Уже за полночь, когда дочь заснула, мать принялась выкраивать кофту из своего шелкового платья, подаренного ей мужем к свадьбе.
Татьяна Тихоновна и заснула за столом, а утром, только-только развиднелось, она, отложив шитье в сторону, ушла в сарайчик. В сарайчике уже ходили проснувшиеся куры, петух; петух громко кукарекал, требуя, видать, к себе внимания, а куры молча и выжидательно глядели на дверь, нетерпеливо высматривая в щели хозяйку. Здесь, в сарайчике, Татьяна Тихоновна почувствовала, как укололо в левой стороне груди, присела, ожидая, когда отпустит боль, и, стараясь не тревожиться, закрыла глаза. Она словно сквозь сон слышала: кричал петух, похрюкивал от голода поросенок, с минуты на минуту ожидая, что вошедшая хозяйка вот-вот очнется и ласково заговорит с ним.
Татьяна Тихоновна любила находиться в сарайчике; сидя вот так с закрытыми глазами в этом маленьком пространстве, словно улавливала голоса мужа, детей, мычание коровы, каждую из бывших у нее она помнила, как своего ребенка, и овец помнила, гусей и бычков – всех своих животин сорокалетней давности, особенно тех, которые выделялись каким-нибудь внешним или внутренним признаком, особинкой или характером. Вот и сейчас Татьяна Тихоновна, чувствуя себя плохо, сидела на ящике, и перед ней, по степени привязанности, проходили любимые животные. Никто не знал об этой слабости, никто не догадывался и, пожалуй, вряд ли понял бы, что, находясь в таком странном оцепенении, она вспоминала прошлое, и прошлое придавало ей силы.
***
Дочь лежала в постели с открытыми глазами, молча посмотрела на вернувшуюся мать и вздохнула с откровенным намеком, что, мол, кофта, о которой столько вчера было речи, не готова. А раскроенная, но еще не простроченная кофта лежала на столе, и мать собиралась еще раз примерить ее на дочери.

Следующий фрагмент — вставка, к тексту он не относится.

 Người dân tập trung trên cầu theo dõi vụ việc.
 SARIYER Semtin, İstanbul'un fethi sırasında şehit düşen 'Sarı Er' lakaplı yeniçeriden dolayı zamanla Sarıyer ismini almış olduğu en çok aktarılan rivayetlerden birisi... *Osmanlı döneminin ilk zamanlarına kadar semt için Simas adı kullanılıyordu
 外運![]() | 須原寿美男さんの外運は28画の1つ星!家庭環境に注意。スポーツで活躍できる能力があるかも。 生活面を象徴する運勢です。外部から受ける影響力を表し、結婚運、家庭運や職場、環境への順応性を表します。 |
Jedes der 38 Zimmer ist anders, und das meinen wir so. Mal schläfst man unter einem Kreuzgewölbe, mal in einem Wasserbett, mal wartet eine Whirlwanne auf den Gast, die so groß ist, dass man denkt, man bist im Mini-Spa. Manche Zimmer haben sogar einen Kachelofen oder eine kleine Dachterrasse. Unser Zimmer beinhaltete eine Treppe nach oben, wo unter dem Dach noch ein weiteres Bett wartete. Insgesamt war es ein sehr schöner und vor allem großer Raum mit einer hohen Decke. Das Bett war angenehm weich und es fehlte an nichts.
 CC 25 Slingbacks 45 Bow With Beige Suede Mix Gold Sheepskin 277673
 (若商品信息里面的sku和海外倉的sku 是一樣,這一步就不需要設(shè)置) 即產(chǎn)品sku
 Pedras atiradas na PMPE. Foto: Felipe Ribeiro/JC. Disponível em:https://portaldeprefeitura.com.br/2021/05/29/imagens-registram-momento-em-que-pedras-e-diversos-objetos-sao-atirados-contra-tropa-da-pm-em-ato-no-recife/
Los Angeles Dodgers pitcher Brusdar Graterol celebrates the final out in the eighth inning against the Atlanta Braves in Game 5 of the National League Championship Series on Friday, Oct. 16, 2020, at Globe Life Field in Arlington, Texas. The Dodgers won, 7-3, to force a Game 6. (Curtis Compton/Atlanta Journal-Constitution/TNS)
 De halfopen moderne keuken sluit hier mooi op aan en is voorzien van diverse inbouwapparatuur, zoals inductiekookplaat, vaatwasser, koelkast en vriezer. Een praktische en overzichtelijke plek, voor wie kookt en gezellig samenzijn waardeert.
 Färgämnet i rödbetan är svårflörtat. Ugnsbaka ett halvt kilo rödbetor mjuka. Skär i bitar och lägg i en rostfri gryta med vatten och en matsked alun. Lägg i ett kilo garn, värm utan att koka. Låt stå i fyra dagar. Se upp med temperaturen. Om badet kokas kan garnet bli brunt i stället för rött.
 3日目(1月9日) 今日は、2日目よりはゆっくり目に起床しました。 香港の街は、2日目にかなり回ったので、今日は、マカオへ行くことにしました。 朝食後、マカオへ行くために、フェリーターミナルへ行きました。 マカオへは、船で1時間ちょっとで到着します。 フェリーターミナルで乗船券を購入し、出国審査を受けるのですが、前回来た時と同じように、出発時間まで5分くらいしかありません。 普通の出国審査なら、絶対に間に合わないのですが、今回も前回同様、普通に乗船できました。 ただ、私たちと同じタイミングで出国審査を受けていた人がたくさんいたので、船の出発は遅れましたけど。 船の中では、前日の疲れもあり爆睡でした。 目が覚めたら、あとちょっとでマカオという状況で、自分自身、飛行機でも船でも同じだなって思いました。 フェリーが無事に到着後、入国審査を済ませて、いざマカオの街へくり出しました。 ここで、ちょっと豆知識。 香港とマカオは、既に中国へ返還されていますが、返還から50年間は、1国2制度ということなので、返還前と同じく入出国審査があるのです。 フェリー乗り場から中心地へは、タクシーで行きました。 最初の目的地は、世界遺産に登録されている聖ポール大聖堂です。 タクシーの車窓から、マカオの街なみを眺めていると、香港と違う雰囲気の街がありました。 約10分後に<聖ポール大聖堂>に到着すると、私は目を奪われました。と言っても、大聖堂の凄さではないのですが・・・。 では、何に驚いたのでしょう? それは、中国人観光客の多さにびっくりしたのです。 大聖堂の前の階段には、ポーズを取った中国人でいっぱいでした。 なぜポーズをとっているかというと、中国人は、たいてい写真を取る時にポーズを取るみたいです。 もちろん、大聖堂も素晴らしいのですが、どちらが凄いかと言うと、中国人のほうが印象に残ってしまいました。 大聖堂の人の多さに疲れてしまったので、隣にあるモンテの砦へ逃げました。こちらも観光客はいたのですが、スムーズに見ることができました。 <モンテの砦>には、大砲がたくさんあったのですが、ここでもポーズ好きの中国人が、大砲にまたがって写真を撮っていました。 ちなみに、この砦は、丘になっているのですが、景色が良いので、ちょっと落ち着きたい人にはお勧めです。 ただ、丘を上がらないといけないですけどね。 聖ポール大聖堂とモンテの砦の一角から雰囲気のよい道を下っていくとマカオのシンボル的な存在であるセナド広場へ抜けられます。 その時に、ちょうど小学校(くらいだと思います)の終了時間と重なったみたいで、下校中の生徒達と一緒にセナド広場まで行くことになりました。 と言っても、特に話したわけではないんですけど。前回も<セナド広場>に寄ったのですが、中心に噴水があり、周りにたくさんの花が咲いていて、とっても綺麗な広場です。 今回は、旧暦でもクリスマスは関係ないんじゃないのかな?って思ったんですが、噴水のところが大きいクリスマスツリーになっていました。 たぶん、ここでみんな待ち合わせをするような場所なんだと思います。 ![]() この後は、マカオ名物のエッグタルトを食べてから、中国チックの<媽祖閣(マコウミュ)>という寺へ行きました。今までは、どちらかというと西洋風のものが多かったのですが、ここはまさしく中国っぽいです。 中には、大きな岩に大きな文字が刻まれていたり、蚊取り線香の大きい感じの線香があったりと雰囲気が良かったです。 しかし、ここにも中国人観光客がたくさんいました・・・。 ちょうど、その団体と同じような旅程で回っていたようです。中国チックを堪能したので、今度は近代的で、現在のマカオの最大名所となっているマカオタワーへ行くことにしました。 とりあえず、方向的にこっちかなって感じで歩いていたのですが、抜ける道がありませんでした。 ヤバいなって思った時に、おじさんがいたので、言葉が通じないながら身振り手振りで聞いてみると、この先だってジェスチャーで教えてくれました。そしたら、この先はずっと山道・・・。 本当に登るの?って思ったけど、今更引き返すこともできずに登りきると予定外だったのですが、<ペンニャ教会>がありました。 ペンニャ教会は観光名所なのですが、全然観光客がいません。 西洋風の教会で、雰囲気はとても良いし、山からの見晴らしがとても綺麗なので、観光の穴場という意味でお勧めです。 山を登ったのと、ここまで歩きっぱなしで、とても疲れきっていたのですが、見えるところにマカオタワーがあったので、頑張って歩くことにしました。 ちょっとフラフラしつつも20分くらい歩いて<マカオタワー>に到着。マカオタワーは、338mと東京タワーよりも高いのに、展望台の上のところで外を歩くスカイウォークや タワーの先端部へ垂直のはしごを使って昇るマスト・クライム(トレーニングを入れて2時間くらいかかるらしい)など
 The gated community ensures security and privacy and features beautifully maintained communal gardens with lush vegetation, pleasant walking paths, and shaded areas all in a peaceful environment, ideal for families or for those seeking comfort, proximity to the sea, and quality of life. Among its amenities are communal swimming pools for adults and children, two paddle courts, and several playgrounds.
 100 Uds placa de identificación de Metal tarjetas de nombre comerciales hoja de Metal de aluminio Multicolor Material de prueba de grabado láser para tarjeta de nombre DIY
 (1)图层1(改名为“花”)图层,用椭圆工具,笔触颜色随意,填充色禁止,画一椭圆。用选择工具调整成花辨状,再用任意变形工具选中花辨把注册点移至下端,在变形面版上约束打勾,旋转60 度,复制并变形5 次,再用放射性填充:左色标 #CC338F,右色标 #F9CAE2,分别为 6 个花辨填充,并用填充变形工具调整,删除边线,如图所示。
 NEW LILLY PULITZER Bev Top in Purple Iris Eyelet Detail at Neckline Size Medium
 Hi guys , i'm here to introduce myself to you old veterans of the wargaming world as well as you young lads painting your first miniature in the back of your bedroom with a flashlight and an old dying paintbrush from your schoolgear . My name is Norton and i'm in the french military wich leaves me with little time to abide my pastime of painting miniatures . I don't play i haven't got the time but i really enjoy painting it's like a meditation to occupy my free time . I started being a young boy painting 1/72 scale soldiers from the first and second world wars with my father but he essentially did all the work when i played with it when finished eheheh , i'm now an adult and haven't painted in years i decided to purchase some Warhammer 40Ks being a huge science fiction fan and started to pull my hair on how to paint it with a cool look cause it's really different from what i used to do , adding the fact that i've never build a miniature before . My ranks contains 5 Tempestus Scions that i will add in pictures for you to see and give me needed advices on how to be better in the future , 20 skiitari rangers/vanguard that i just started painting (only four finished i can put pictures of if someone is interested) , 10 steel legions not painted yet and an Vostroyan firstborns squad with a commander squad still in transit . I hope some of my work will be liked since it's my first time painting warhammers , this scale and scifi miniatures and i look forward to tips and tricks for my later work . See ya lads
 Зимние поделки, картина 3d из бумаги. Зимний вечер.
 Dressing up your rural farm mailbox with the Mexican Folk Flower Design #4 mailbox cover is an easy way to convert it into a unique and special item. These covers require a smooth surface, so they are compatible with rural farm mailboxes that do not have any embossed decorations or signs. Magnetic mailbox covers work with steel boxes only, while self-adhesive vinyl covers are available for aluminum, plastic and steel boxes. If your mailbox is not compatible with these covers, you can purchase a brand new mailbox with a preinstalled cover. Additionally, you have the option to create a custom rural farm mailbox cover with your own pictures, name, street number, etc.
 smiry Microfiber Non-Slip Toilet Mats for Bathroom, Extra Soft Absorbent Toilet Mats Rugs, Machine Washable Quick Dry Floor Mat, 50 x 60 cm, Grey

– Кофта у меня раскроенная, дочурочка, вот только прострочить и – готовая, – проговорила торопливо мать, чтобы сразу отвлечь дочь от неприятных размышлений. – Вставай. А то и лежи, я так примерю. Узкая, выходит, нужна талия? А ну-ка, бесстыдница, повернись мягким местом к потолку. Вот так, а теперь – вот так. Лежи и не шелохнись. Будет у тебя не хуже, чем у Топорковой.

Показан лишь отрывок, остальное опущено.